Information shown:
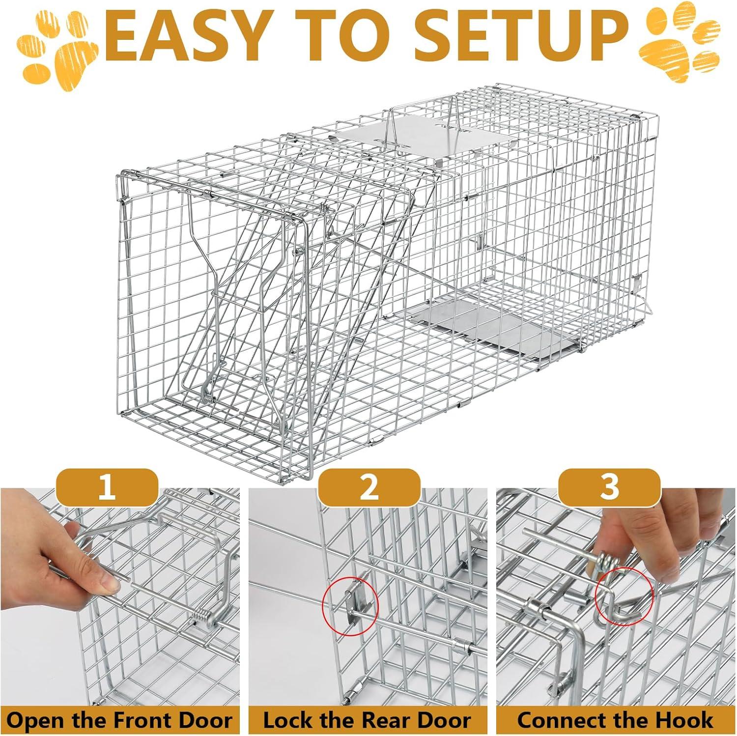 Multi-purpose: This live animal trap cage is designed for trapping raccons, opossums, cats, rabbits, and other similar-sized undesired animals, relocate or rescue streetwise wild animals
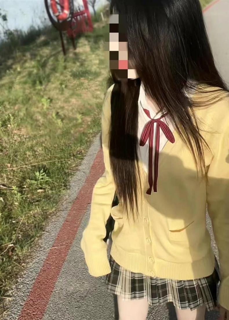 Complete set of chick yellow cardigan + long sleeves + red collar rope + a skirt, Three-piece chick yellow car...
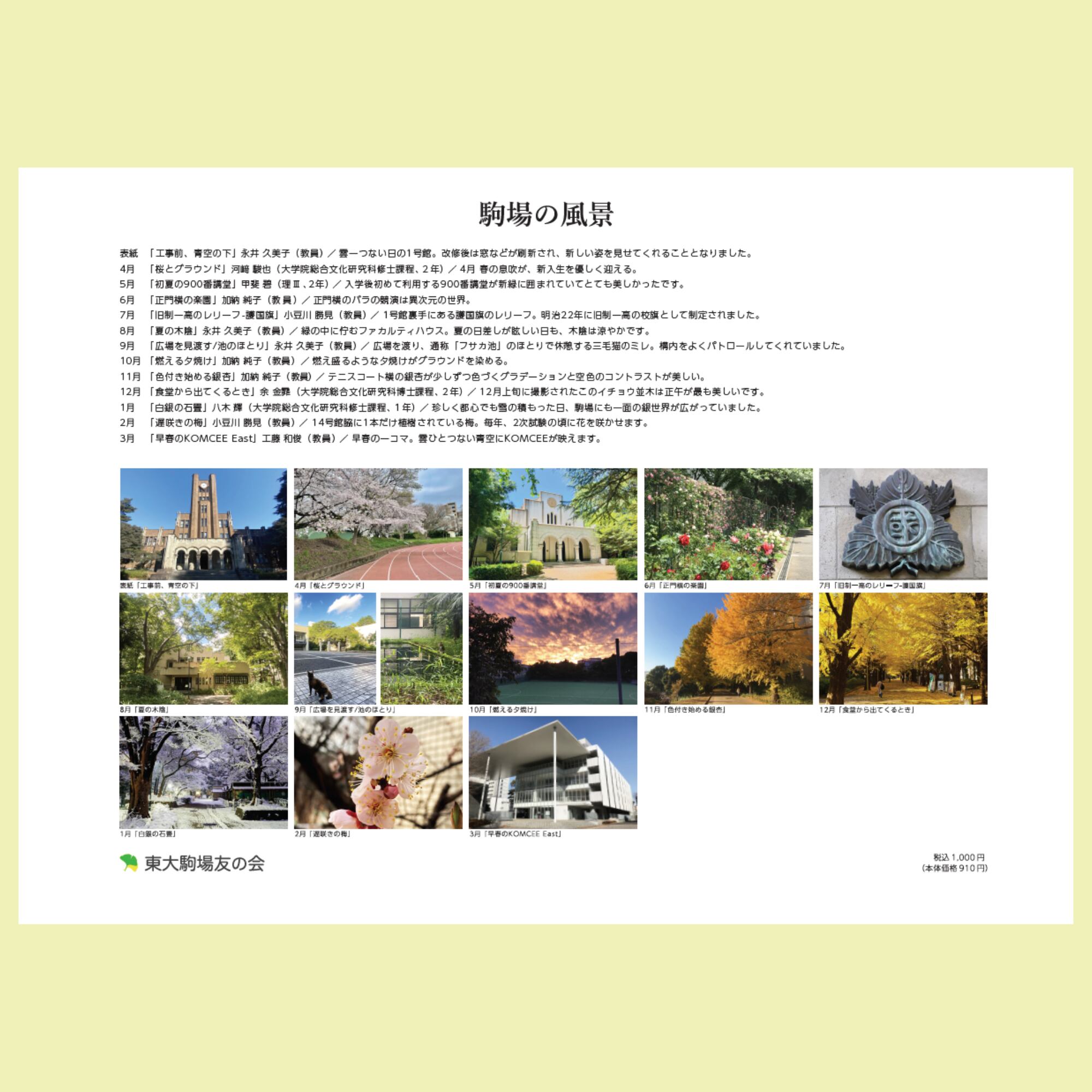 東京大学駒場キャンパスの四季を写真で楽しめるオリジナルカレンダーです。
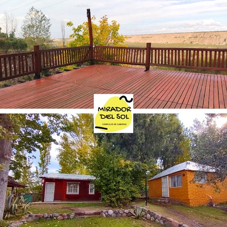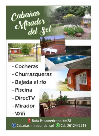 COMPLEJO 3 CABAÑAS AMOBLADAS TOTALMENTE EQUIPADAS, HORNO ELECTRICO, FREEZER, WIFI, COCHERAS TECHADAS, PARRILLAS, TV, DIREC TV, BAJADA AL RIO, PISCINA, TERRAZA VISTA AL RIO. ADEMAS QUINCHO PARA EVENTOS CON TABLONES, SILLAS , PARRILLAS, BAÑOS,  MUSICA PARA HASTA 35 PERSONAS. VISTA A LA MONTAÑA.
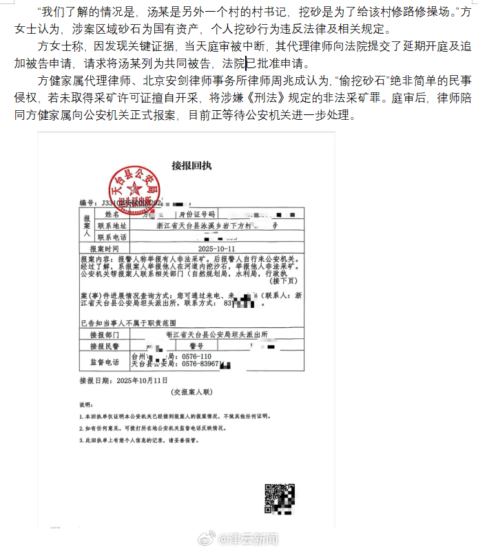 方健家属代理律师、北京安剑律师事务所律师周兆成@周兆成律师 认为,“偷挖砂石”绝非简单的民事侵权,若未取得采矿许可证擅自开采,将涉嫌《刑法》规定的非法采矿罪庭审后,律师陪同方健家属向公安机关正式报案,目前正等待公安机关进一步处理。
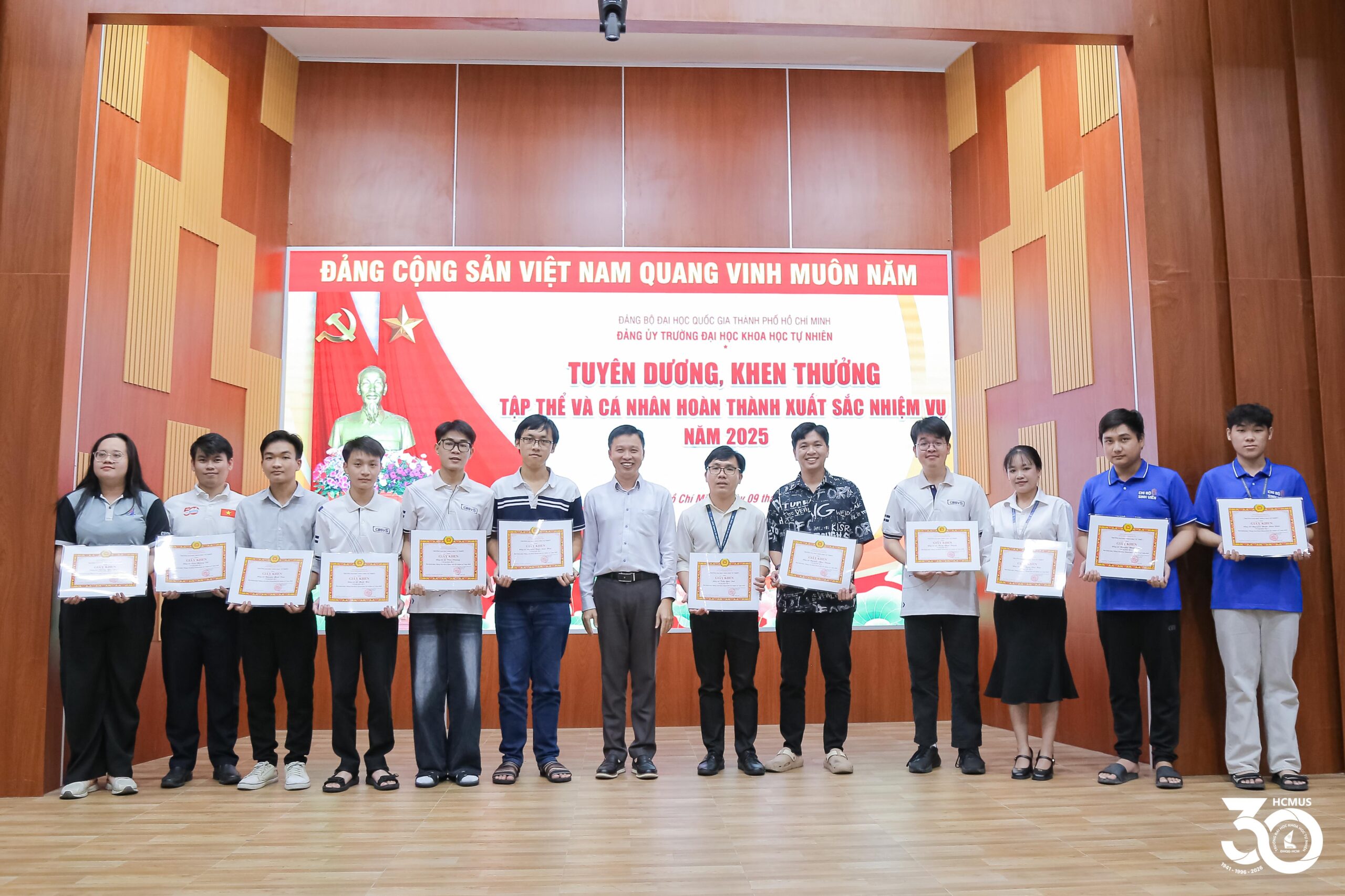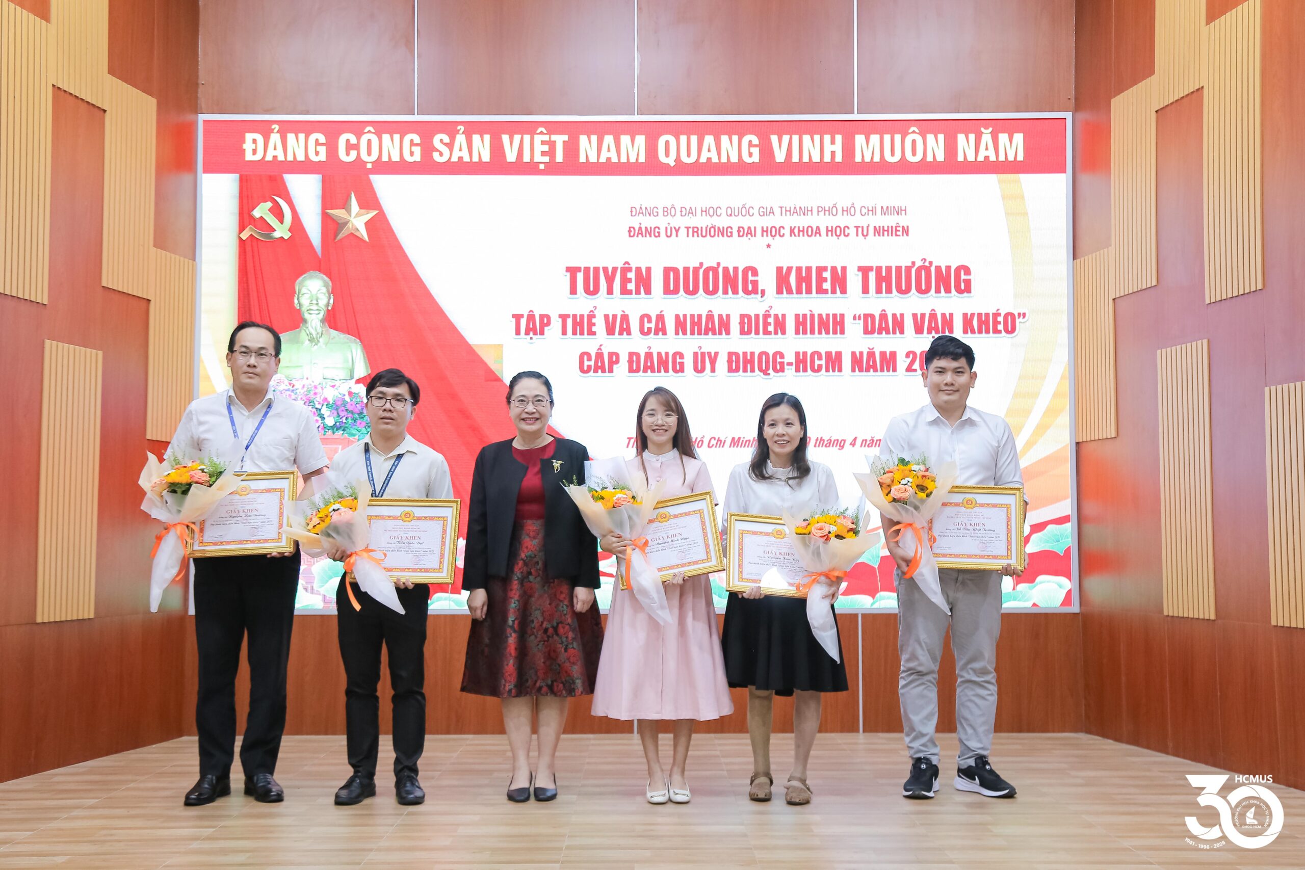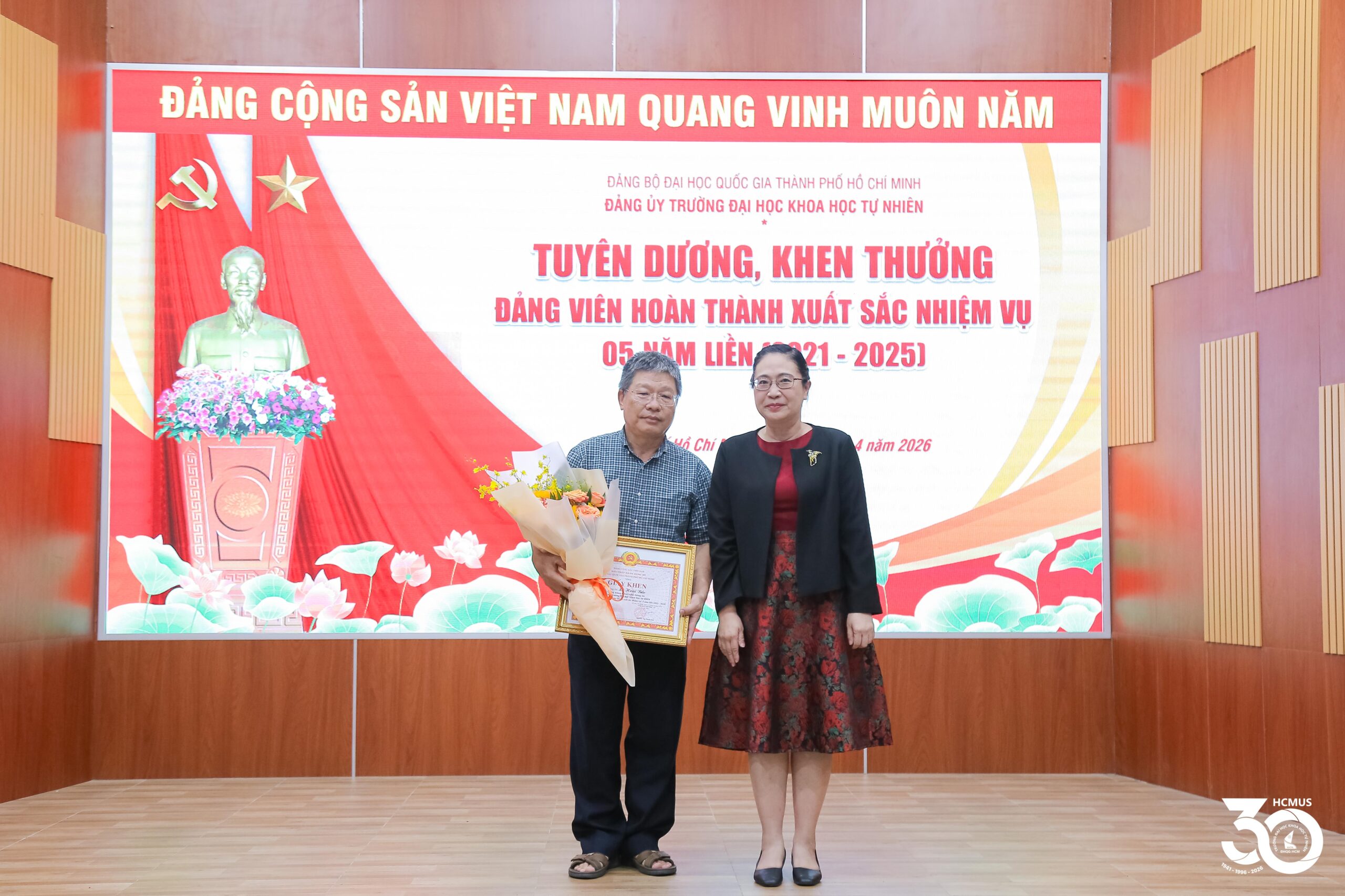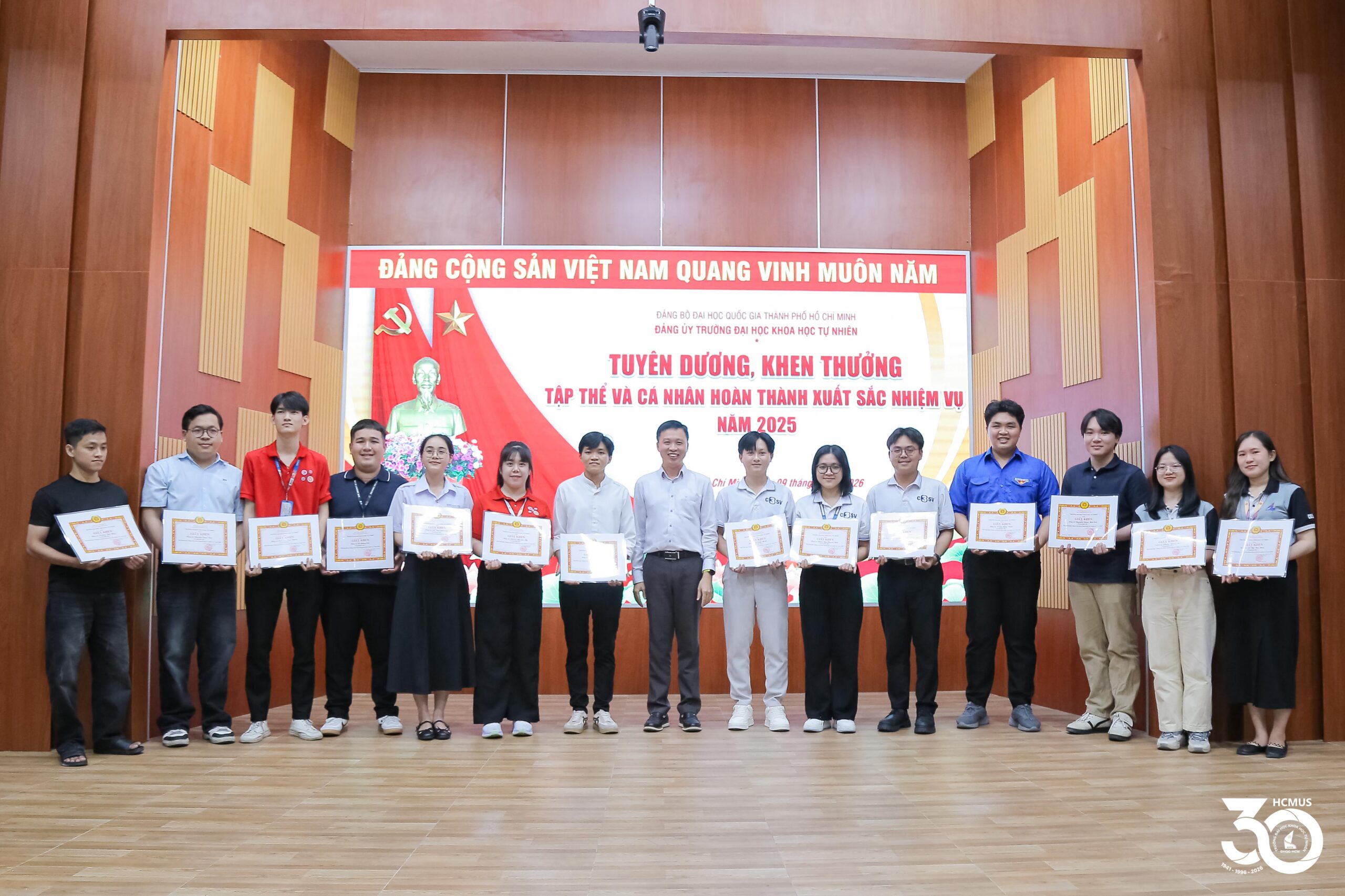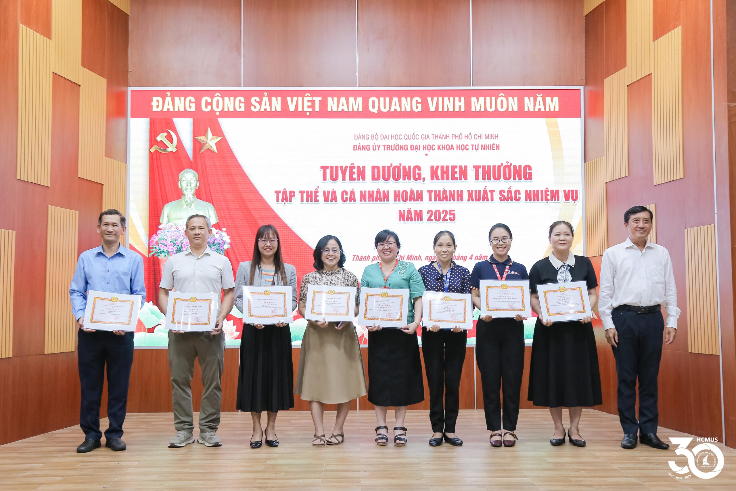 Tại chương trình, Đảng ủy Trường đã tuyên dương, khen thưởng nhiều tập thể, cá nhân có thành tích tiêu biểu trong năm 2025. Trong đó, có 07 tập thể và 103 cá nhân hoàn thành xuất sắc nhiệm vụ năm 2025; 01 đảng viên hoàn thành xuất sắc nhiệm vụ 05 năm liên tục; cùng 04 tập thể và 06 cá nhân đạt danh hiệu điển hình “Dân vận khéo” năm 2025 cấp Đảng ủy ĐHQG-HCM.

Task: An exact copy of every entry, minus the pictures, is what you should return.

Solved problem:
 Multi-purpose: This live animal trap cage is designed for trapping raccons, opossums, cats, rabbits, and other similar-sized undesired animals, relocate or rescue streetwise wild animals
 Complete set of chick yellow cardigan + long sleeves + red collar rope + a skirt, Three-piece chick yellow car...
 東京大学駒場キャンパスの四季を写真で楽しめるオリジナルカレンダーです。
 COMPLEJO 3 CABAÑAS AMOBLADAS TOTALMENTE EQUIPADAS, HORNO ELECTRICO, FREEZER, WIFI, COCHERAS TECHADAS, PARRILLAS, TV, DIREC TV, BAJADA AL RIO, PISCINA, TERRAZA VISTA AL RIO. ADEMAS QUINCHO PARA EVENTOS CON TABLONES, SILLAS , PARRILLAS, BAÑOS,  MUSICA PARA HASTA 35 PERSONAS. VISTA A LA MONTAÑA.
 方健家属代理律师、北京安剑律师事务所律师周兆成@周兆成律师 认为,“偷挖砂石”绝非简单的民事侵权,若未取得采矿许可证擅自开采,将涉嫌《刑法》规定的非法采矿罪庭审后,律师陪同方健家属向公安机关正式报案,目前正等待公安机关进一步处理。
 Tại chương trình, Đảng ủy Trường đã tuyên dương, khen thưởng nhiều tập thể, cá nhân có thành tích tiêu biểu trong năm 2025. Trong đó, có 07 tập thể và 103 cá nhân hoàn thành xuất sắc nhiệm vụ năm 2025; 01 đảng viên hoàn thành xuất sắc nhiệm vụ 05 năm liên tục; cùng 04 tập thể và 06 cá nhân đạt danh hiệu điển hình “Dân vận khéo” năm 2025 cấp Đảng ủy ĐHQG-HCM.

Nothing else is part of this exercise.